Every facet belongs to a facet category. Each facet category corresponds to a concept, i.e. a set of requirements that a class must satisfy. A class that satisfies such requirements is a facet of such facet category. Moreover, for each facet category there is class whose name, by convention, has a "_c" suffix and is the name of the category.

For example, monotonic_grouping<10> and str_grouping<10> are both facets of the category numpunct_c<10>. Both have the same purpose: to customize numeric punctuation.

facet category

constrainable

what it controls

where it is used

width_calculation_c

yes

how the width is calculated

joins and all conventional types

numpunct_c<10>

yes

numeric punctuation for decimal base

integers and floating points numbers

numpunct_c<16>

yes

numeric punctuation for hexadecimal base

integers and floating points numbers

numpunct_c<8>

yes

numeric punctuation for octal base

integers numbers

encoding_c

no

encoding

encoding_error_c

yes

encoding error handling

surrogate_policy_c

yes

surrogates allowance

tr_string_error_c

no

Tr-string parsing error handling

In tr-strings

Constrained facets

With the constrain function template you can create constrained facets, which are facets that only apply to certain input types.
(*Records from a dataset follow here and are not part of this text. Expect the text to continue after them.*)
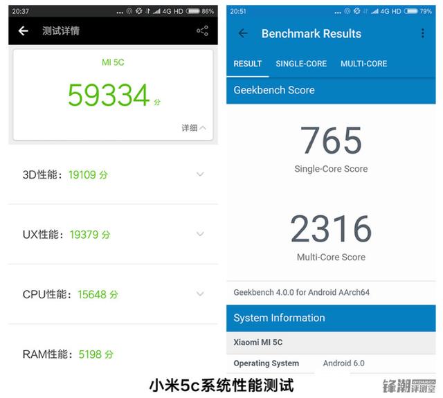 从测试结果看,这枚澎湃S1芯片的安兔兔跑分59334、GeekBench单核765分、多核2316分。比千元机中常见的联发科Helio P10要强上不少。但是又比近期的当红炸子鸡高通骁龙625弱那么一些。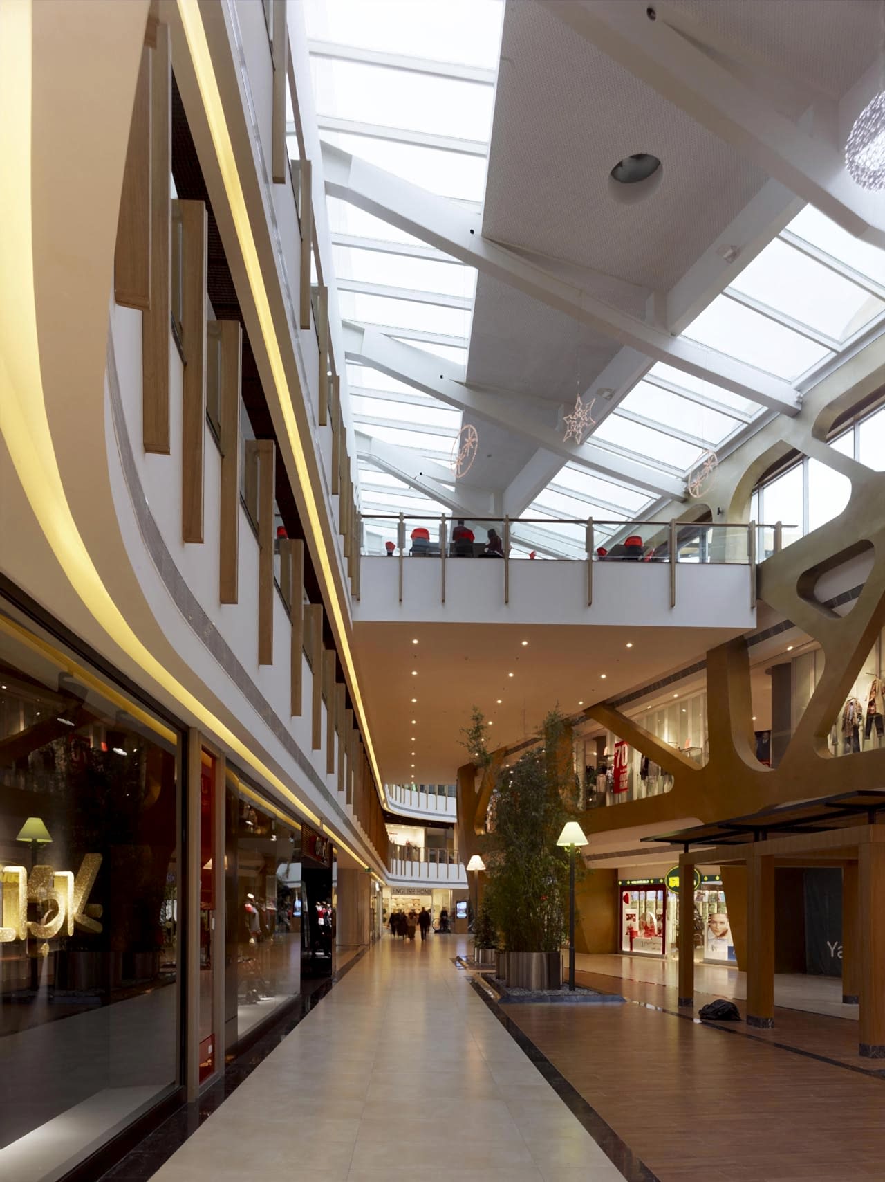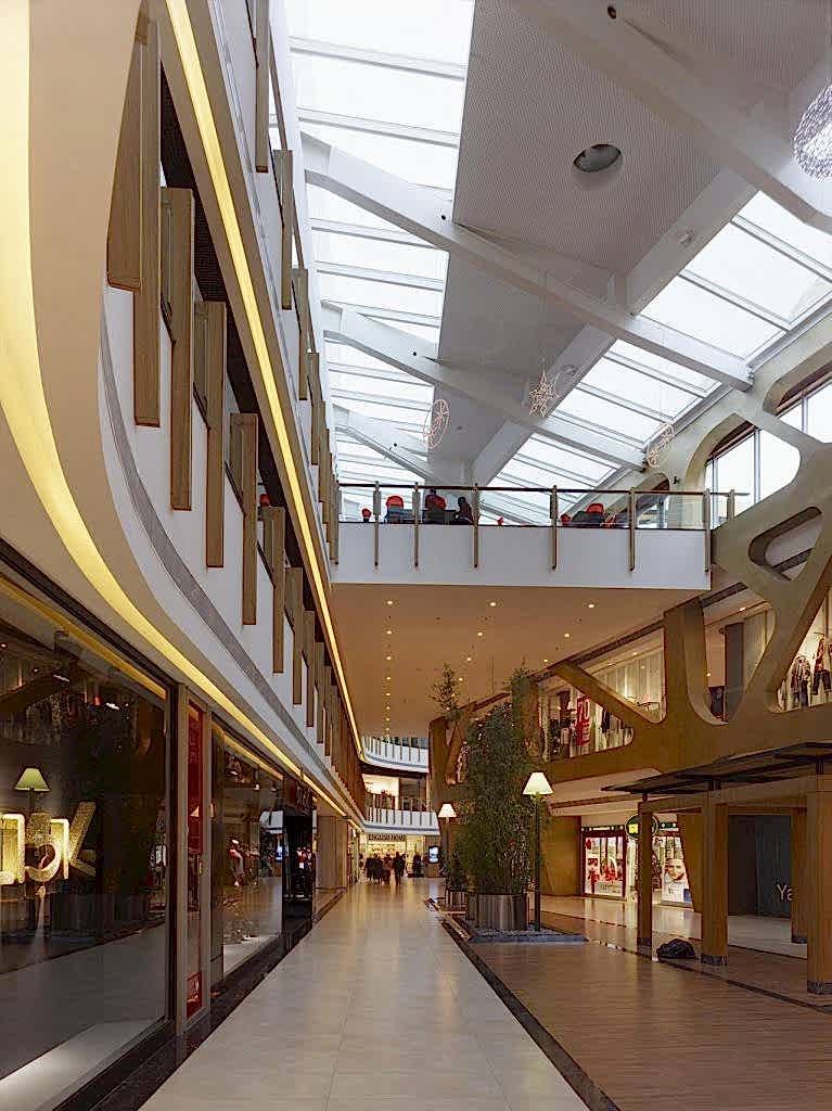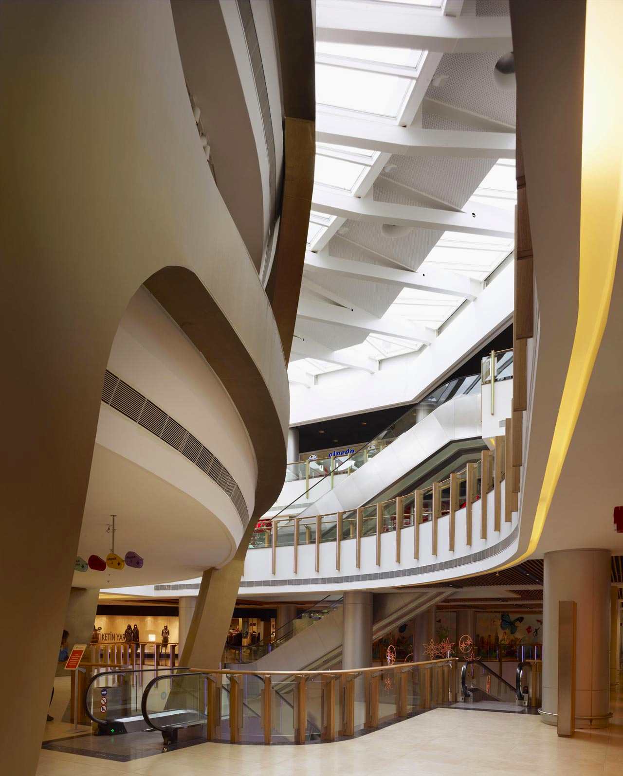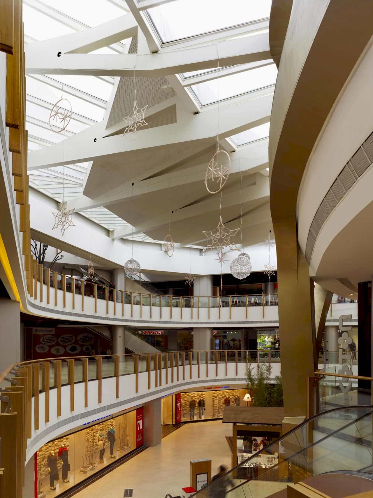 İç mekanın ortasında çatıyı da taşıyan dev strüktürün çevresinde her katta değişen planimetri ve geri çekilmelerle sağlanan değişken iç boşluk zengin perspektifler yaratmakta ve mağazalar arası görsel ilişkiyi kuvvetlendirmektedir. Çatı avlusunda oluşturulan meydan yeme içme alanlarına değer katarken, avm iki açık meydan arasında bir sirkülasyon mekanı olarak çalışır.
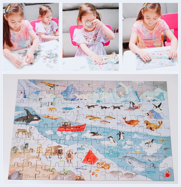 透過手繪水彩的風格,加上一支獨特的放大鏡,孩子拚好拼圖後,一同找找自然界的動物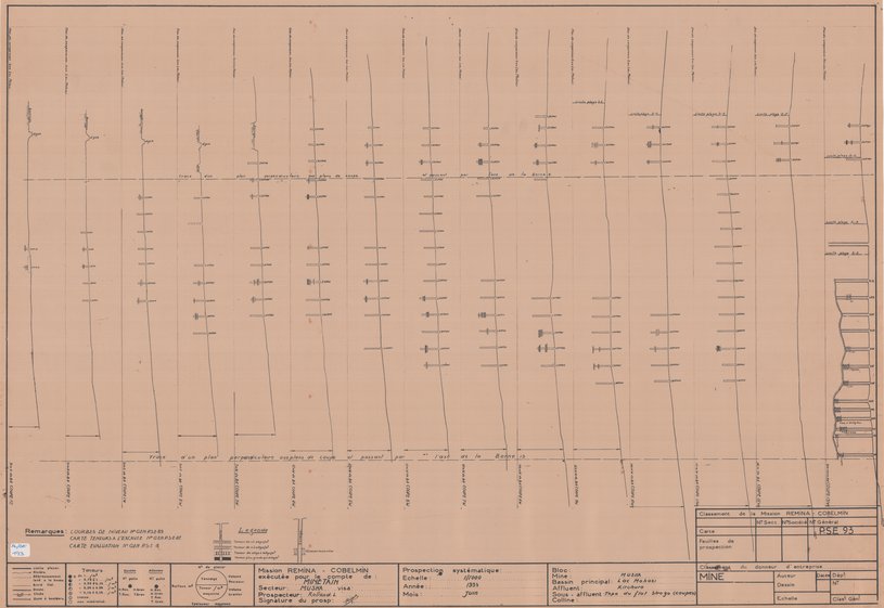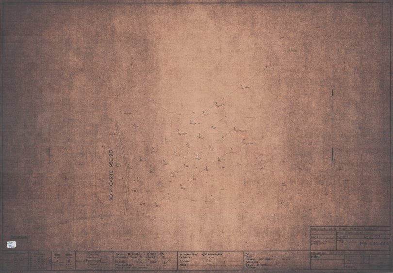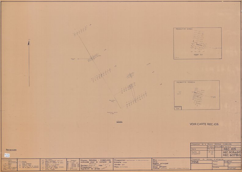 Title: Mine: Colline: Kirwa, Minétain - Secteur : Mohazi Nord Carte d'assemblage de la prospection: Bloc Nyarunazi - Scale: 1000 - n°gen° Rec 105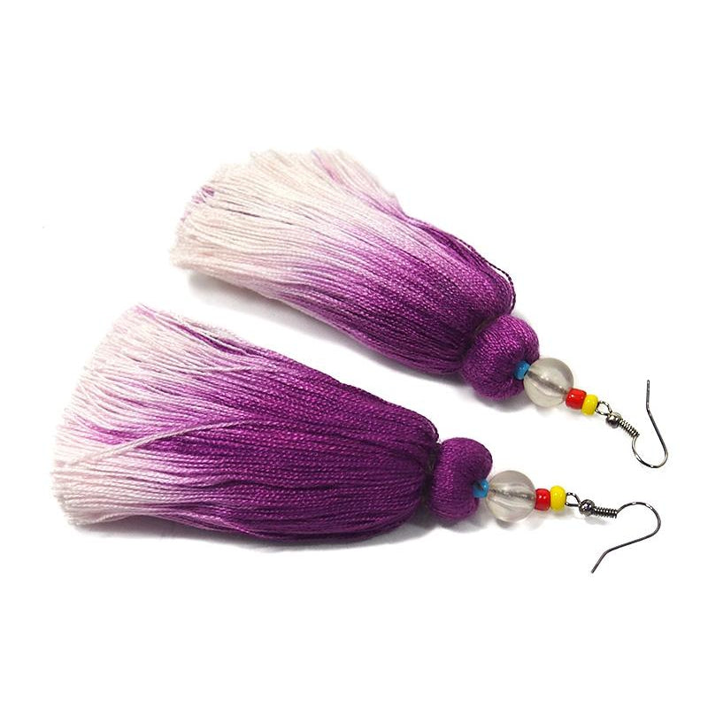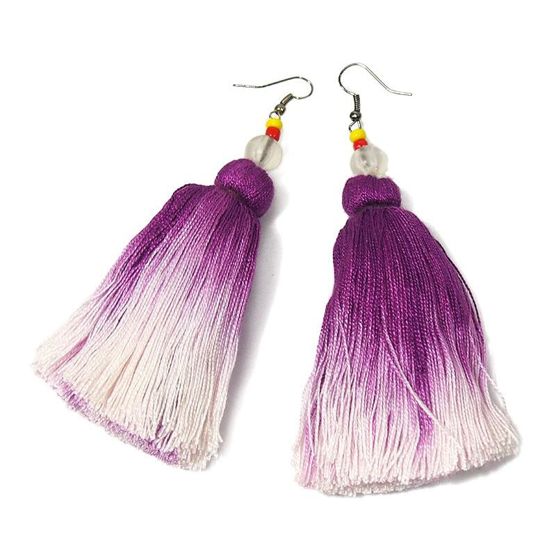 Ombre Tassel Hilltribe Earrings, E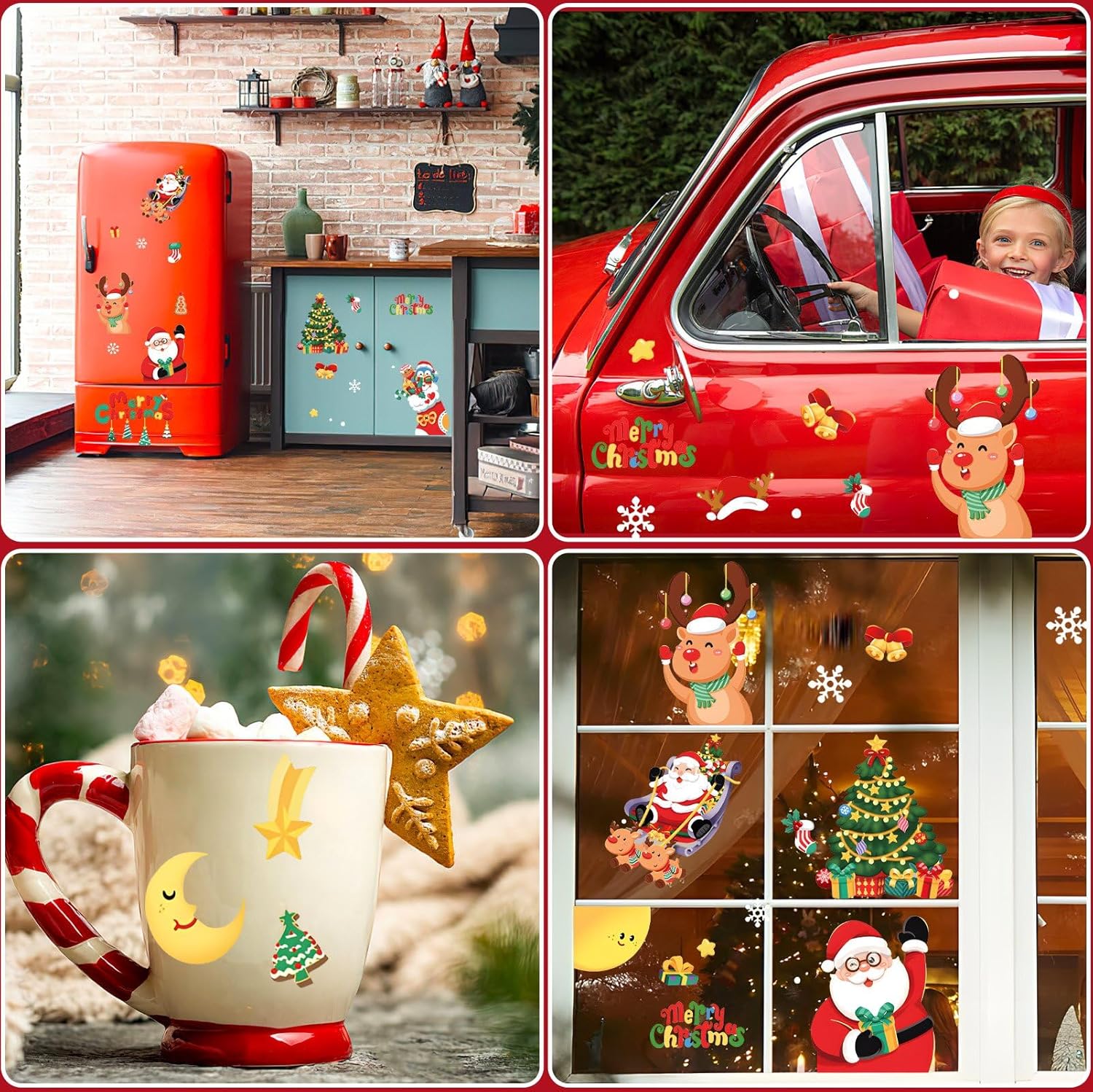 Набор наклеек на окно – 6 листов, 246 двусторонних рисунков + аксессуары | Рождественские статические наклейки из ПВХ
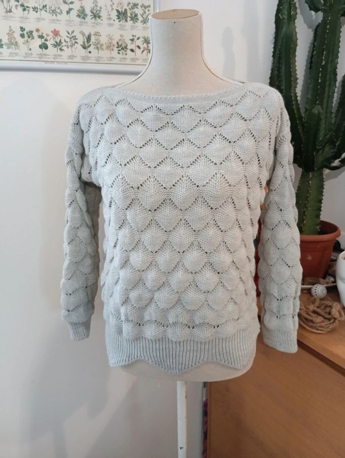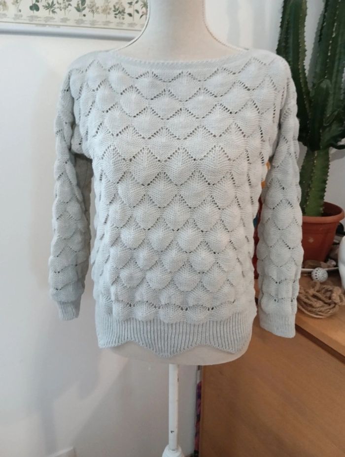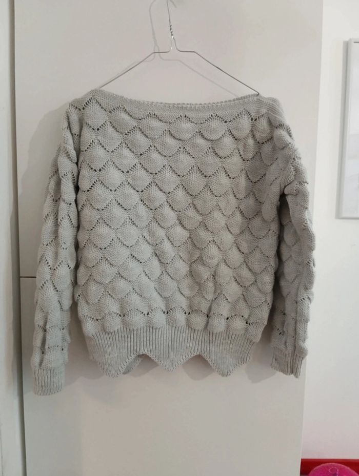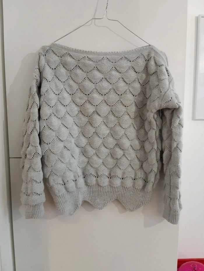 Pull court jolie maille gris perle taille M - photo numéro 1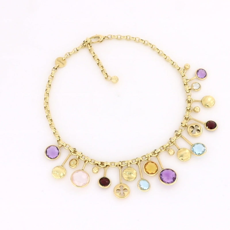 Radiating elegance and vibrant color, this exquisite necklace combines the rich warmth of 18K yellow gold with the natural beauty of garnet, citrine, quartz, and amethyst. Expertly crafted by Tavanti, each semiprecious stone is thoughtfully arranged to create a harmonious, eye-catching design that elevates any ensemble. Measuring 15 inches in length, it sits gracefully along the neckline, while Italian maker’s marks and a 750 gold stamp assure authenticity and enduring quality. Perfect for adding a touch of sophistication to both everyday looks and special occasions.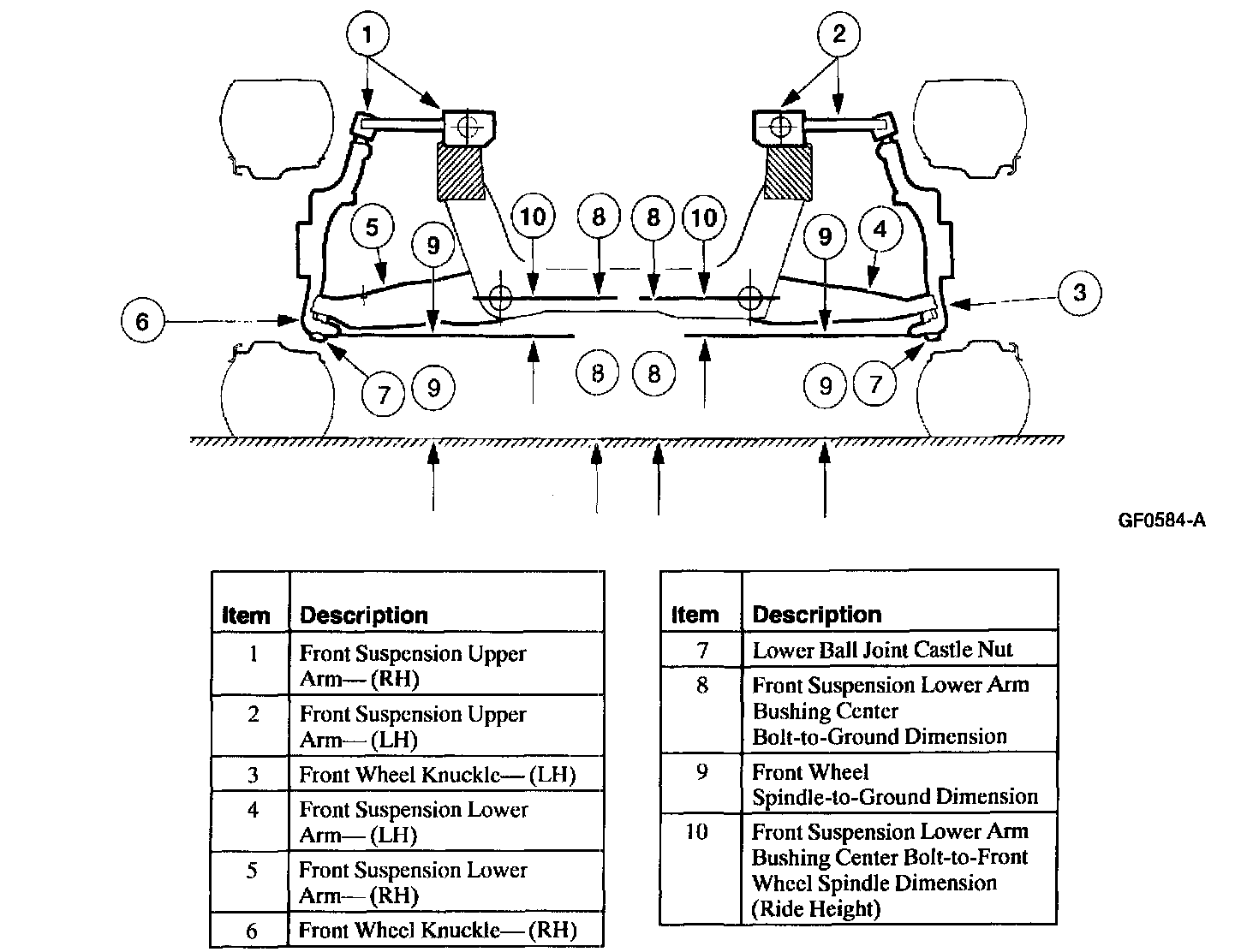 4. Measure the front suspension from the bottom of the front wheel knuckle to the ground, and record.

Its template parameter is a template type that contains a value member constexpr convertible to bool that tells whether a given input type is under the influence of the given facet:

namespace strf = boost::stringify::v0;

auto facet_obj = strf::constrain<std::is_signed>(strf::monotonic_grouping<10>{3});

auto s = strf::to_string.facets(facet_obj)(100000u, "  ", 100000);

BOOST_ASSERT(s == "100000  100,000");

The library provides some type traits of this kind:

trait

description

is_int_number

matches short, int, long, long long and the corresponding unsigned types

is_char

matches char, char8_t, wchar_t, char16_t, and char32_t

is_string

matches strings inputs

Overriding facets

If there are two or more facets object passed to the facets function of the same category, and that apply to the same input type, then the last one wins:

namespace strf = boost::stringify::v0;

auto punct_dec_1 = strf::monotonic_grouping<10>{1};
auto punct_dec_2 = strf::monotonic_grouping<10>{2}.thousands_sep('.');
auto punct_dec_3 = strf::monotonic_grouping<10>{3}.thousands_sep('^');;

// Below, punct_dec_3 overrides punct_dec_2, but only for signed types.
// punct_dec_2 overrides punct_dec_1 for all input types,
// hence the presence of punt_dec_1 bellow has no effect.

auto s = strf::to_string
    .facets( punct_dec_1
           , punct_dec_2
           , strf::constrain<std::is_signed>(punct_dec_3) )
    ( 100000, "  ", 100000u ) ;

BOOST_ASSERT(s == "100^000  10.00.00");

Did you notice that the thousand separator is specified as a char32_t instead of char? That means you can use any Unicode code point, as long as it is supported by the output encoding, which by default is UTF-8 for char. But you can specify other encodings with facets.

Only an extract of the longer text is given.